All 23 items on SymTrak received endorsement for all 4 response options by the patients (Table 2). The response option distribution was similar for patients with and without an identified caregiver; therefore, all patients were combined for Table 2. A majority of patients endorsed the Never or Sometimes options for most items; however, for nearly half of the tool (10 items), a meaningful percentage (17 to 52%) of patients endorsed either Often or Always (Table 2). Thus, SymTrak exhibited reasonable spread in its item response scores. Patients reported a relatively higher level of endorsement (indicated by item means of 1.0 or greater) for items assessing fatigue (no. 1), sleep disturbance (no. 2), pain (no. 3–no. 5), and mobility (no. 12).

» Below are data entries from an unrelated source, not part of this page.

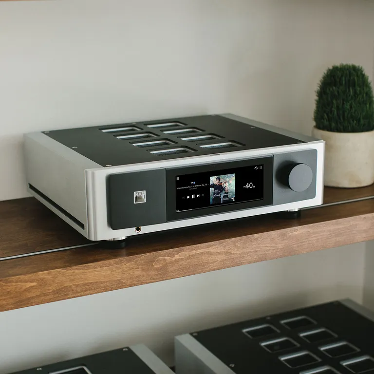 NAD M66 ist in silberner Aluminiumausführung erhältlich. Systemfernbedienung im Lieferumfang enthalten. Eine IR-Fernbedienung für Bluesound ist optional erhältlich.
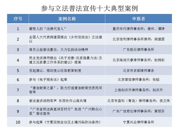 結(jié)合公眾投票和專家評(píng)審,十大律師公益類別最終產(chǎn)生了一百個(gè)典型案例,一百個(gè)提名案例。
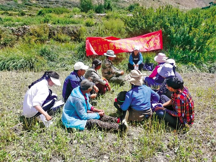 圖為西藏山南市錯那縣委組織部部務會成員深入田間地頭對農牧民黨員開展黨課教育。次仁片多 索朗瓊珠 通訊員 李蒙 攝
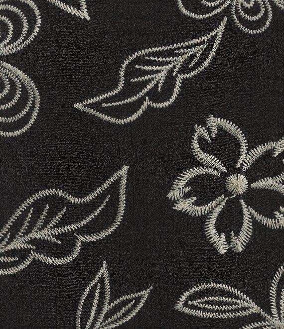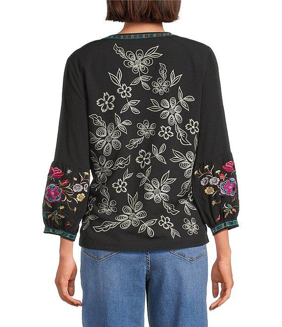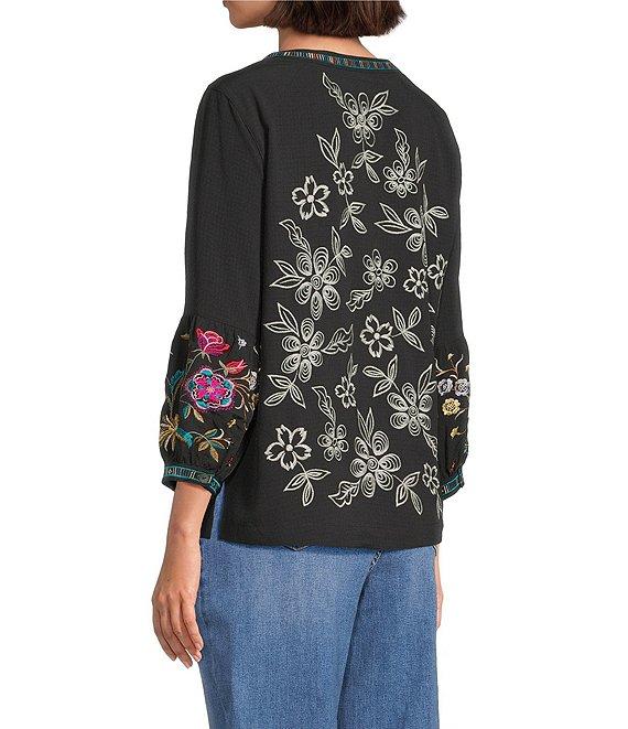 From John Mark, this top features: Split v-neckline 3/4 tiered sleeves with buttoned cuffs Floral embroidered motif Loose Slight hi-low hem with side vents Pullover construction Approx. 25" center-front length; 25.5" center-back length Polyester/spandex, exclusive of decoration Machine wash cold Imported.
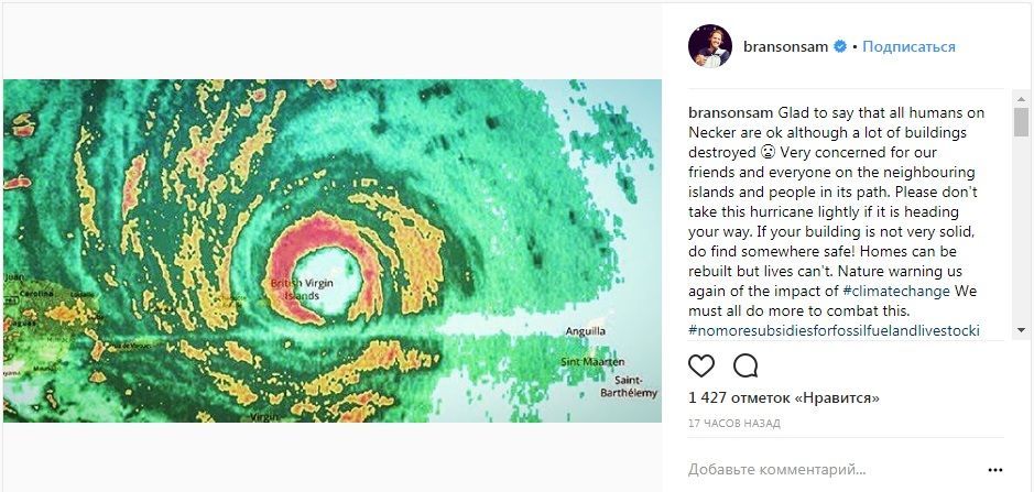 Його син - Сем Бренсон - пізніше повідомив також через соцмережу, що всі люди на острові лишилися живими. Водночас постраждало багато будівель. Він закликав людей поставитися серйозно до урагану і знайти собі надійні прихистки, якщо їхні будинки недостатньо міцні.
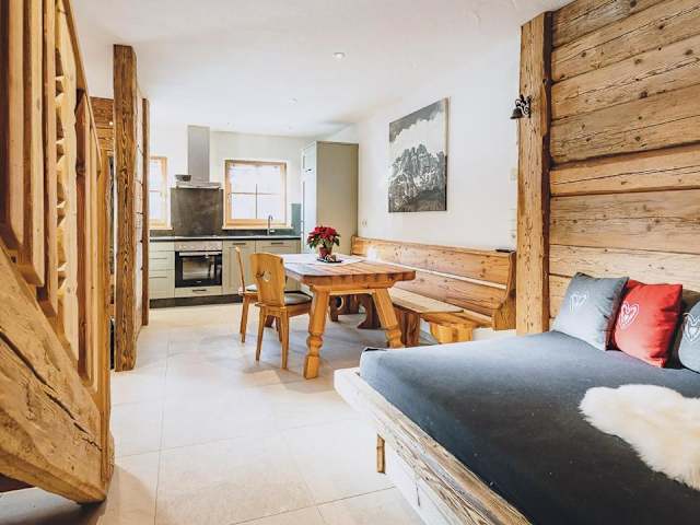 Die Ferienwohnung verfügt über ein Schlafzimmer, ein Wohnzimmer sowie eine gut ausgestattete Küche mit einem Kühlschrank und Geschirrspüler. Weitere Annehmlichkeiten sind ein Flachbild-TV und ein Badezimmer mit Dusche. Handtücher und Bettwäsche werden angeboten. Die Terrasse bietet einen schönen Bergblick.
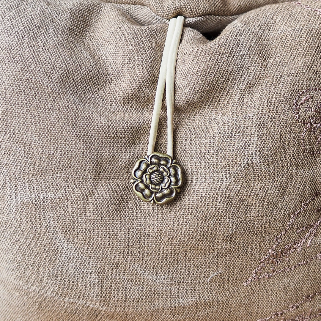 In addition to the tea-dyed fabric, our limited edition travel bag also features an embroidery of Camellia sinensis, the tea plant, along with delicate tea leaves and flowers on the right side of the bag. This embroidery adds a touch of elegance to the bag, showcasing the beauty of the tea plant, which is the source of the medicine we all enjoy.
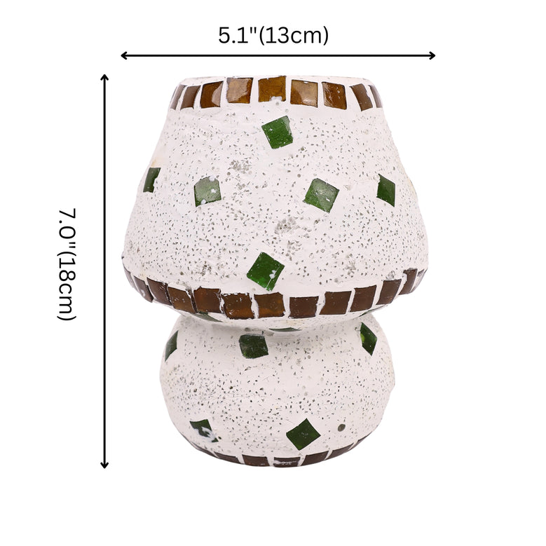 Experience the allure of artistry with this gorgeous Mosaic Electric Table Lamp. Crafted with intricate abstract patterns made from green and orange glass beads, it includes a wire and bulb holder for hassle-free setup. When lit, it creates stunning light effects, making it a focal point in any space.Glass
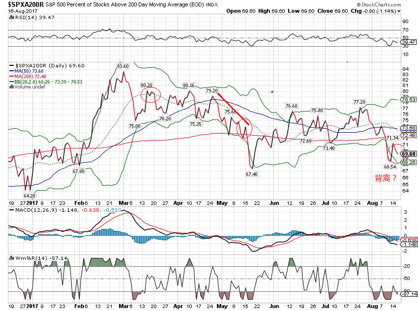 8月16日spx盘中冲高回落,多头冲击20天均线的努力再次失败。spx收盘涨0.15%,而spxa200r跌 1.1%(见下图),和spx走势明显背离,暗示spx后市看跌。rsp,sp500的equal weight etf 收盘涨0.25。 本次调整rsp跌至100ma,而spx仅仅跌到50ma,因此昨天rsp的的稍大的涨幅可以理解为超跌后的反弹。另外,大牛股aapl,nvda昨天逆势下跌,失去领涨股的角色,拖累科技股的反弹,前期深跌股goog,mu等领涨科技股。暗示科技股的反弹已经到了末期?总之,昨日大盘和科技股反弹乏力,后市谨慎看跌。 个人看法,仅供参考。
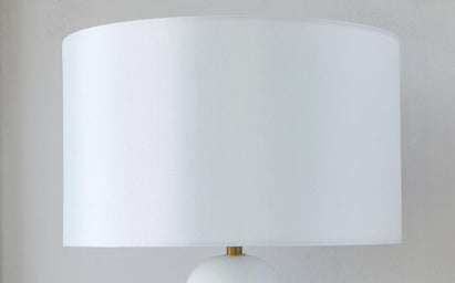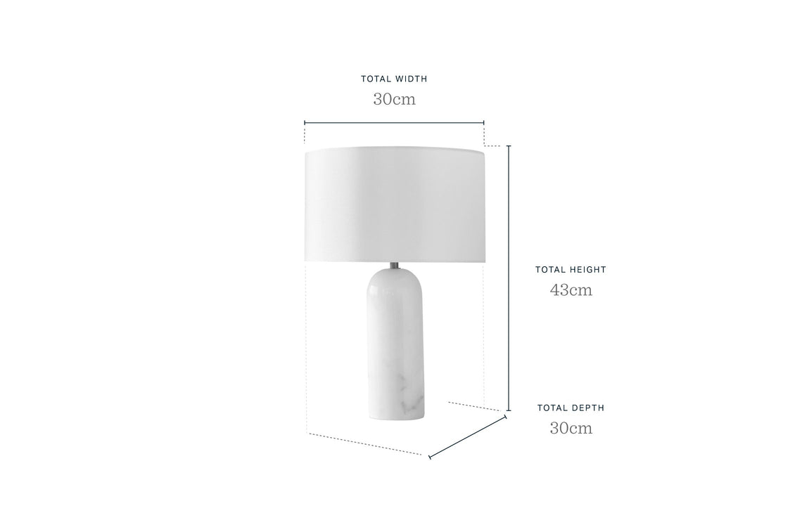Elegant modern table lamp with a white marble base and a cylindrical cream fabric shade.
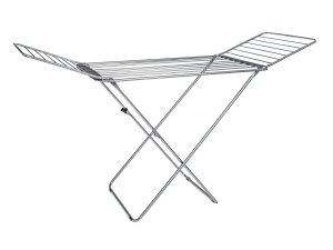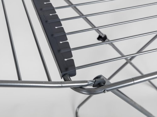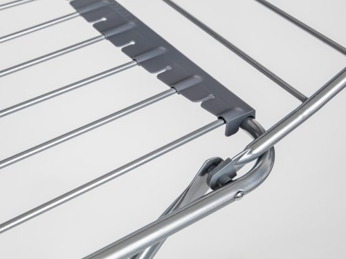 Stabilní přenosný sušák na prádlo nabízí cca 20 metrů sušící plochy, což představuje až dvě plné pračky prádla. Boční křídla jsou vhodná na sušení delšího prádla. Praktickým pomocníkem je držák na sušení ponožek. Velkou výhodou je stabilní konstrukce ze stříbrných trubek, doplněných plastovými držáky v šedé barvě. Bezpečnému použití napomáhá také dětský bezpečnostní zámek, omezující možnost nechtěného složení a případného pádu.
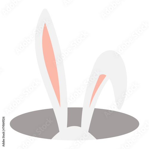 Cute Easter bunny, rabbit, hare ears sticking from the hole illustration. Hand drawn cartoon character, isolated vector. Flat style design. Holiday clip art, seasonal card, banner, poster, element
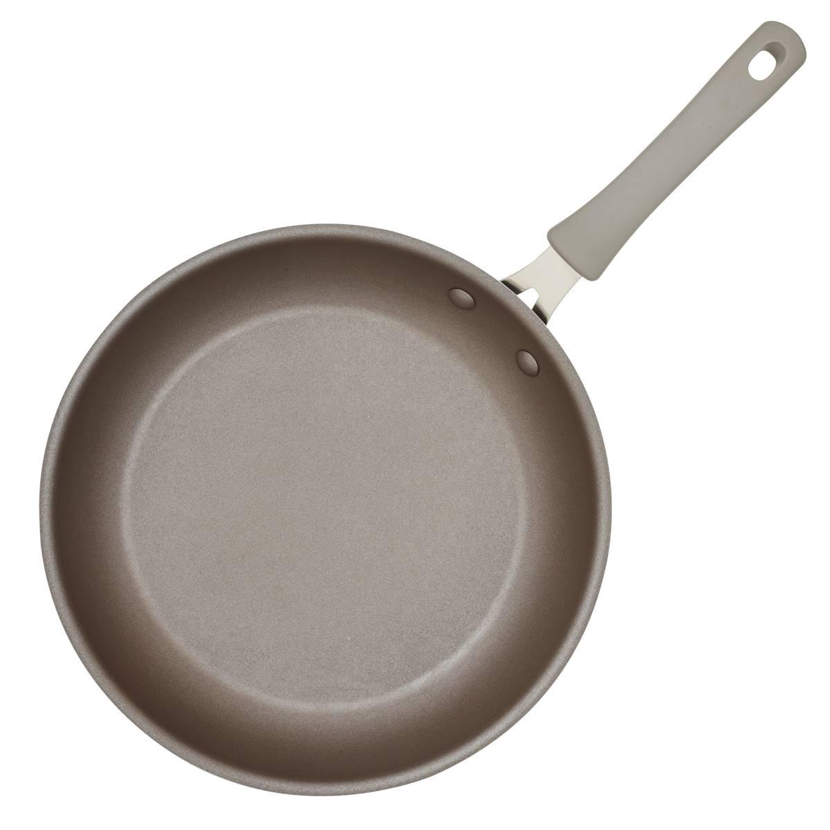 Level up your kitchen with this Rachael Ray Cook + Create 2-Piece Aluminum Nonstick Frying Pan Set. This practical 9.5-inch and 11.75-inch frying pans are crafted from thicker gauge aluminum for luxe and sturdy feel and reliable stovetop performance that heats up quickly and evenly. The skillets also feature nonstick on the inside rivets, for super-smooth stirring and easy-clean cooking surfaces that don´t get food build-up around the handle attachments.
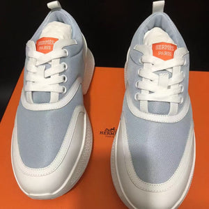 Sneaker HM Giga 50 in tela azzurra, pelle di capra bianca e arancione

These item statistics were similar when the symptoms of patients were reported by their caregivers (Online Appendix 2). The SymTrak total score has a possible range from 0 to 69 and was approximately normally distributed in all three participant groups (Online Appendix 3). Concordance between dyadic patients and their caregivers was reasonably close for most items, with a similar mean item score and a kappa coefficient representing moderate agreement (Online Appendix 4).

Table 2.

Patient-Reported SymTrak Item Distributions and Loadings (N = 400)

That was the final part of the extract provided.